A martingale consistency constraint makes self-supervised predictions match their expected value after refinement.

A machine-rendered reading of the paper's core claim, the machinery that carries it, and where it could break.

The paper introduces a self-supervised learning method that requires a prediction made from partial information to equal the average prediction that would be made once more details arrive. This coherence rule comes from martingale theory and differs from standard invariance training, which forces different views to produce identical outputs. Instead it permits the model to update its answer as information improves while blocking any systematic bias in the updates. The authors supply both prediction-space and latent-space versions of the constraint plus a simple Monte Carlo estimator. Experiments across time series, tabular data, and images show the resulting representations stay more stable and better calibrated when only partial observations are available.

Core claim

We introduce a martingale-consistent SSL framework that closes the gap between invariance-based training and the requirement that coarse-view predictions equal the expected refined-view predictions, using practical prediction- and latent-space objectives together with an unbiased two-sample Monte Carlo estimator based on stochastic refinement, and demonstrate improved robustness and calibration under partial observation on synthetic and real benchmarks.

What carries the argument

Martingale consistency constraint (the requirement that the prediction from a coarse view equals the expected prediction from any refined view), enforced via auxiliary objectives in prediction space or latent space.

If this is right

Predictions can update as more data arrives without systematic drift across time-series, tabular, and image tasks.
Representations remain stable and better calibrated when only partial information is observed at inference time.
The same framework applies in both semi-supervised and fully unsupervised regimes.
An unbiased Monte Carlo estimator allows the constraint to be trained without extra bias from sampling refinements.

Where Pith is reading between the lines

These are editorial extensions of the paper, not claims the author makes directly.
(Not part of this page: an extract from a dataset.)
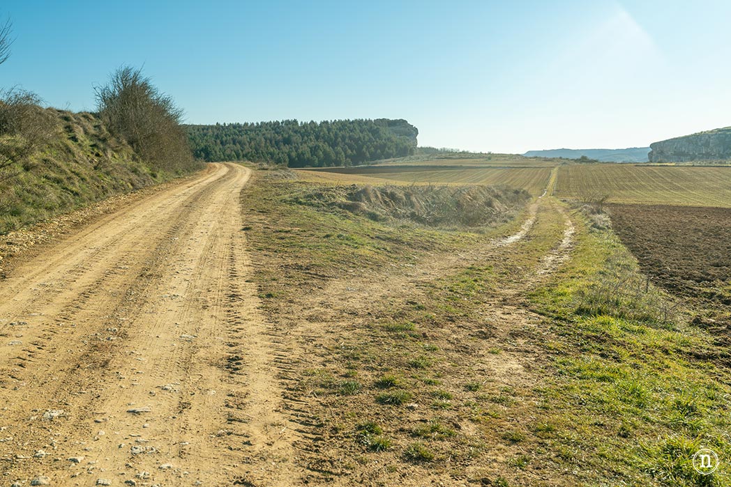 Nuestra intención es la de llegar lo antes posible a Villaescusa de las Torres, para visitar las Tuerces. Para ello debemos llegar hasta la pista que se encuentra a los pies del monte que vemos en la imagen.
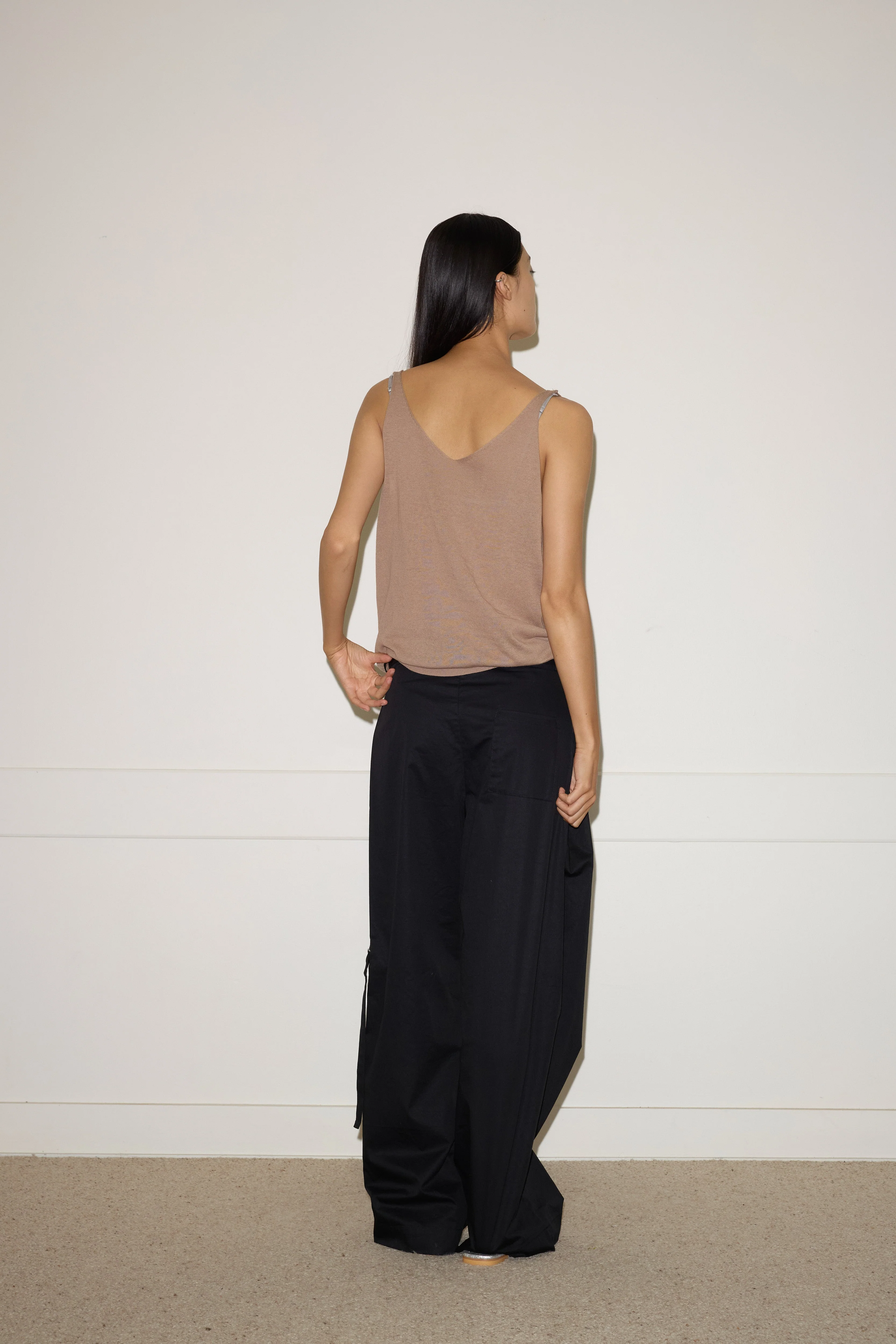 a fine knit relaxed tank with a rolled v neckline

The approach may extend naturally to streaming or online settings where new features arrive sequentially.
It could be combined with existing contrastive losses to add coherence without replacing invariance entirely.
Testing on modalities with natural refinement order, such as progressive image super-resolution or multi-resolution sensor data, would be a direct next step.

Load-bearing premise

That adding the martingale consistency objectives will produce representations that remain at least as useful as ordinary SSL when full information is present while gaining stability under partial views.

What would settle it

A head-to-head comparison on the paper's partial-observation benchmarks in which standard contrastive or reconstruction SSL achieves equal or superior calibration error and robustness metrics to the martingale-consistent version.

Figures

Figures reproduced from arXiv: 2605.11846 by Christopher Yau, Hanwen Xing, Moritz G\"ogl.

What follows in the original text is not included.